→ **What you are asked to do**
Every line of the listing should be retyped exactly, but none of the pictures should be.

→ **Data below**
Segment Open

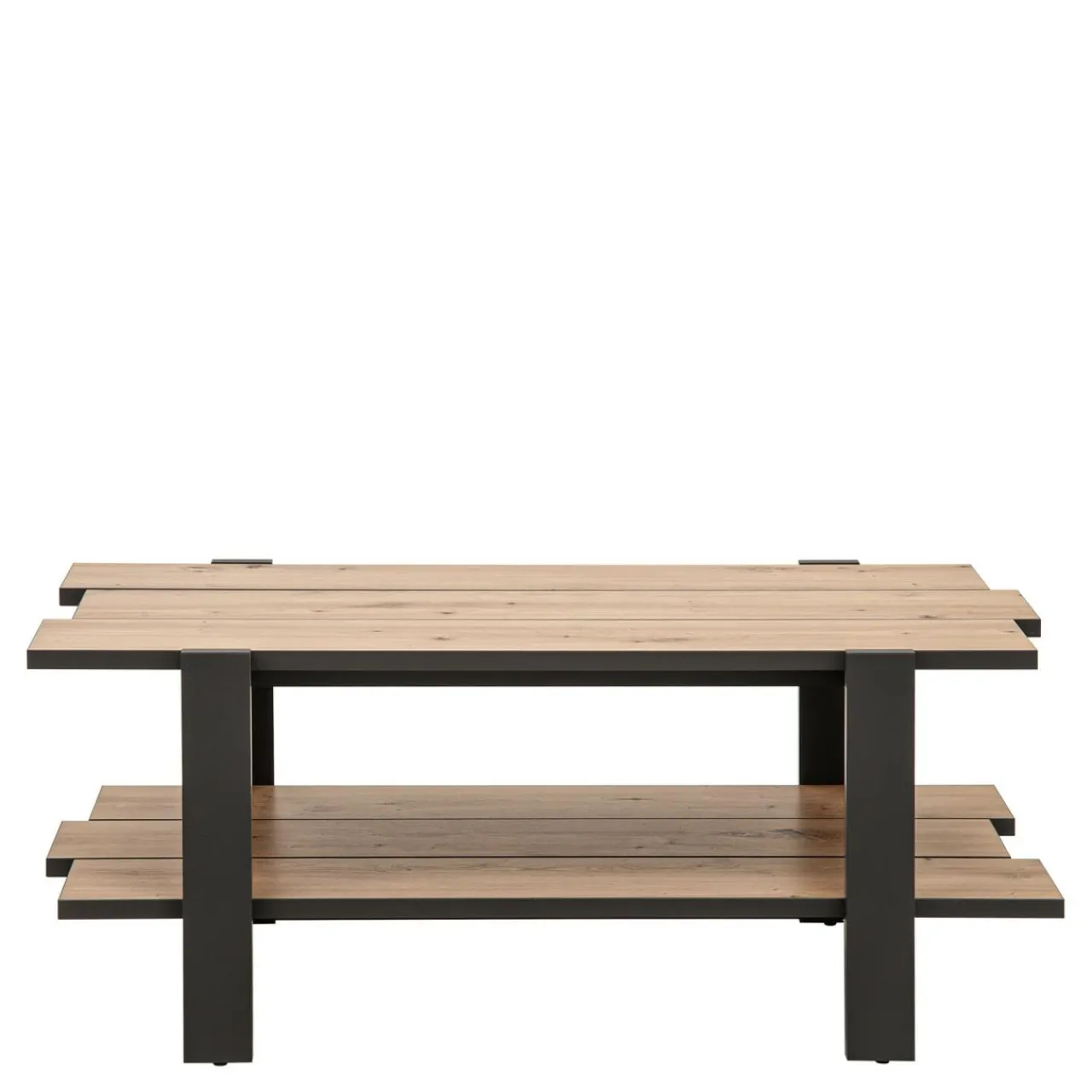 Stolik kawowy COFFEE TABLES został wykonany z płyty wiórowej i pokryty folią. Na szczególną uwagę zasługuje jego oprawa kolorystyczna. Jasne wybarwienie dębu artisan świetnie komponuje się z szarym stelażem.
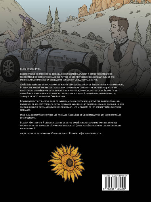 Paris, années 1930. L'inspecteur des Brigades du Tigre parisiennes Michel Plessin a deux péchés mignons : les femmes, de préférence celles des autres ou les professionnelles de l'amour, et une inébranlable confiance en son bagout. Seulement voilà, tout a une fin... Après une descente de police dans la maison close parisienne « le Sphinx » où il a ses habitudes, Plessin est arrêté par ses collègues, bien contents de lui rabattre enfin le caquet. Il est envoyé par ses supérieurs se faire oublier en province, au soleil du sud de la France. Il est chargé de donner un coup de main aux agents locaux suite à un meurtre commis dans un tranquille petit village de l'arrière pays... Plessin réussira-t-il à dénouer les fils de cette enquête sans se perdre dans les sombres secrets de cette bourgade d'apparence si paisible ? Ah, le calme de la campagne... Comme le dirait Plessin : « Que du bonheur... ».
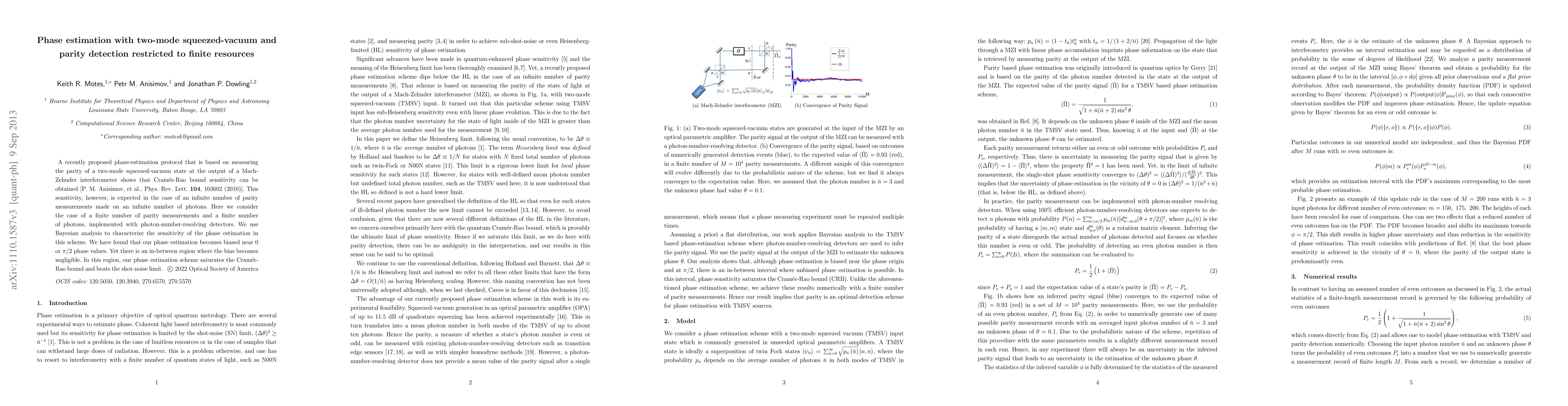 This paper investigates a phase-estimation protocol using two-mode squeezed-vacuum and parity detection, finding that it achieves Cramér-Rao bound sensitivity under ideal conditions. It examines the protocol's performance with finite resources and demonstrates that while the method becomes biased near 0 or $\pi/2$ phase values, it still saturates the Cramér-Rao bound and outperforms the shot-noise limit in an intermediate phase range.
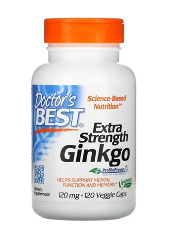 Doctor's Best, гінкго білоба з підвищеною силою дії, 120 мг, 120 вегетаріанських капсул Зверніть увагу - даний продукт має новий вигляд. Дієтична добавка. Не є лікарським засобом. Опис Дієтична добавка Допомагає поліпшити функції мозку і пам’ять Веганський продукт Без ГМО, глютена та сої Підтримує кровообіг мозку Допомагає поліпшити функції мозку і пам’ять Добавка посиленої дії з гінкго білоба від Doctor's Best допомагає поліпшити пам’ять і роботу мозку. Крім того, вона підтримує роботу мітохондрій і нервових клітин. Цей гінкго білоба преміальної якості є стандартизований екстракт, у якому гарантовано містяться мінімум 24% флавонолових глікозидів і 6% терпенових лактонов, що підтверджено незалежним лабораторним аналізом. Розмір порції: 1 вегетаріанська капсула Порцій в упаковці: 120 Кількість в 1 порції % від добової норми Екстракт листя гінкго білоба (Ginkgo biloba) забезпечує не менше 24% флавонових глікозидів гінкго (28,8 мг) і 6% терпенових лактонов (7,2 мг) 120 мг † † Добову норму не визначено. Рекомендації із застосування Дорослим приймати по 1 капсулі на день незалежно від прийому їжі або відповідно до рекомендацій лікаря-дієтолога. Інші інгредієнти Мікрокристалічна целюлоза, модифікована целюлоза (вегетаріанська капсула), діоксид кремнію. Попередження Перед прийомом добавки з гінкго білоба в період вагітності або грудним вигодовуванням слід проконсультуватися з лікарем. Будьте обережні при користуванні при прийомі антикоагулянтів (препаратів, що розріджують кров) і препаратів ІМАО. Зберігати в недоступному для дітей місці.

Segment Closed

→ **Output for this task**
 Stolik kawowy COFFEE TABLES został wykonany z płyty wiórowej i pokryty folią. Na szczególną uwagę zasługuje jego oprawa kolorystyczna. Jasne wybarwienie dębu artisan świetnie komponuje się z szarym stelażem.
 Paris, années 1930. L'inspecteur des Brigades du Tigre parisiennes Michel Plessin a deux péchés mignons : les femmes, de préférence celles des autres ou les professionnelles de l'amour, et une inébranlable confiance en son bagout. Seulement voilà, tout a une fin... Après une descente de police dans la maison close parisienne « le Sphinx » où il a ses habitudes, Plessin est arrêté par ses collègues, bien contents de lui rabattre enfin le caquet. Il est envoyé par ses supérieurs se faire oublier en province, au soleil du sud de la France. Il est chargé de donner un coup de main aux agents locaux suite à un meurtre commis dans un tranquille petit village de l'arrière pays... Plessin réussira-t-il à dénouer les fils de cette enquête sans se perdre dans les sombres secrets de cette bourgade d'apparence si paisible ? Ah, le calme de la campagne... Comme le dirait Plessin : « Que du bonheur... ».
 This paper investigates a phase-estimation protocol using two-mode squeezed-vacuum and parity detection, finding that it achieves Cramér-Rao bound sensitivity under ideal conditions. It examines the protocol's performance with finite resources and demonstrates that while the method becomes biased near 0 or $\pi/2$ phase values, it still saturates the Cramér-Rao bound and outperforms the shot-noise limit in an intermediate phase range.
 Doctor's Best, гінкго білоба з підвищеною силою дії, 120 мг, 120 вегетаріанських капсул Зверніть увагу - даний продукт має новий вигляд. Дієтична добавка. Не є лікарським засобом. Опис Дієтична добавка Допомагає поліпшити функції мозку і пам’ять Веганський продукт Без ГМО, глютена та сої Підтримує кровообіг мозку Допомагає поліпшити функції мозку і пам’ять Добавка посиленої дії з гінкго білоба від Doctor's Best допомагає поліпшити пам’ять і роботу мозку. Крім того, вона підтримує роботу мітохондрій і нервових клітин. Цей гінкго білоба преміальної якості є стандартизований екстракт, у якому гарантовано містяться мінімум 24% флавонолових глікозидів і 6% терпенових лактонов, що підтверджено незалежним лабораторним аналізом. Розмір порції: 1 вегетаріанська капсула Порцій в упаковці: 120 Кількість в 1 порції % від добової норми Екстракт листя гінкго білоба (Ginkgo biloba) забезпечує не менше 24% флавонових глікозидів гінкго (28,8 мг) і 6% терпенових лактонов (7,2 мг) 120 мг † † Добову норму не визначено. Рекомендації із застосування Дорослим приймати по 1 капсулі на день незалежно від прийому їжі або відповідно до рекомендацій лікаря-дієтолога. Інші інгредієнти Мікрокристалічна целюлоза, модифікована целюлоза (вегетаріанська капсула), діоксид кремнію. Попередження Перед прийомом добавки з гінкго білоба в період вагітності або грудним вигодовуванням слід проконсультуватися з лікарем. Будьте обережні при користуванні при прийомі антикоагулянтів (препаратів, що розріджують кров) і препаратів ІМАО. Зберігати в недоступному для дітей місці.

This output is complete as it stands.